Сразу потолстев от ватника и шинели, Окошкин крепко затянул ремень, поправил ушанку и еще закурил своего табачку на дорогу. Вид у него был исправный, но изрядно усталый.
– Тихо стало у нас, – сказал он задумчиво, – знакомого народу почти никого. А жулики по-прежнему шуруют?
– Шуруют, Вася.
– И богатые дела есть?
– Особо богатых нет.
– Ну что ж… пожелаю вам…
Они обнялись, поцеловались, и Василий отбыл на Финляндский вокзал. В суд Лапшину надо было к двум часам, времени еще оставалось, как любил выражаться Окошкин, «вагон и маленькая тележка». Вполне можно было поспеть в госпиталь.
Лапшин уже одевался, когда позвонила антроповская Лизавета.
– Ни один телефон нигде не отвечает, – сказала она. – Александра Петровича ни утром, ни вечером, ни даже ночью дома нет. Простите, что вас потревожила, Иван Михайлович, где моего Айболита можно отыскать, как вы думаете?
Иван Михайлович помолчал и вздохнул.
– Вы слушаете?
– Слушаю.
– Не знаете, где его искать?
– Поскольку сейчас война, а он – хирург, предполагаю, в бывшей его клинике, а нынче в госпитале.
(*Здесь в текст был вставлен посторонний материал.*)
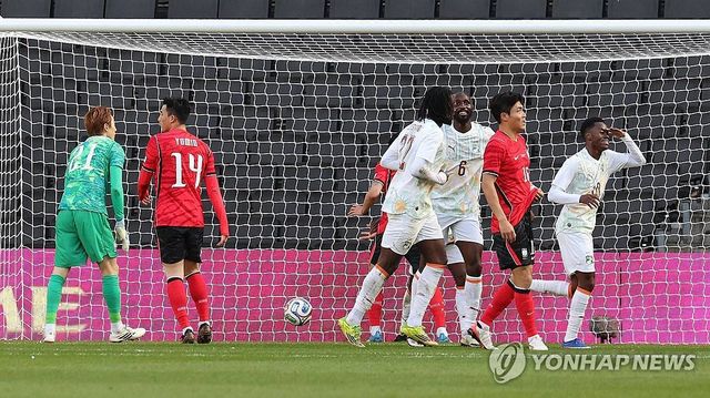 하지만 이번 평가전에서 처음 시행된 3분간의 하이드레이션 브레이크 이후 분위기가 달라졌다. 개인 능력을 앞세운 코트디부아르가 점차 주도권을 가져갔고, 한국은 전반 35분 먼저 실점했다. 마르시알 고도의 낮은 크로스를 에반 게상이 문전에서 오른발로 마무리했다. 이 장면에서는 조유민이 고도와의 경합에서 밀린 것이 뼈아팠다.

– Туда дозвониться невозможно, – с раздражением в голосе сказала Лизавета. – То занято, то никто не отвечает, то он на операции.
– Так ведь война же, – сдерживаясь, чтобы не выругаться, произнес Лапшин. – Война! Занят человек, работает.
И, неожиданно для самого себя, предложил:
– Я сейчас туда еду, если хотите его увидеть, поедем со мной.
– Дело не в том, хочу я его видеть или не хочу, – суховато ответила Лизавета. – Дело в том, что мой дядя, профессор Багулин, – не слышали такого? Он известный терапевт, профессор и так далее, вдруг закапризничал и не желает ложиться на операцию без Айболита. Он говорит про себя, что сам профессор и нуждается не в профессоре, а в докторе, во враче. Он вообще чудак…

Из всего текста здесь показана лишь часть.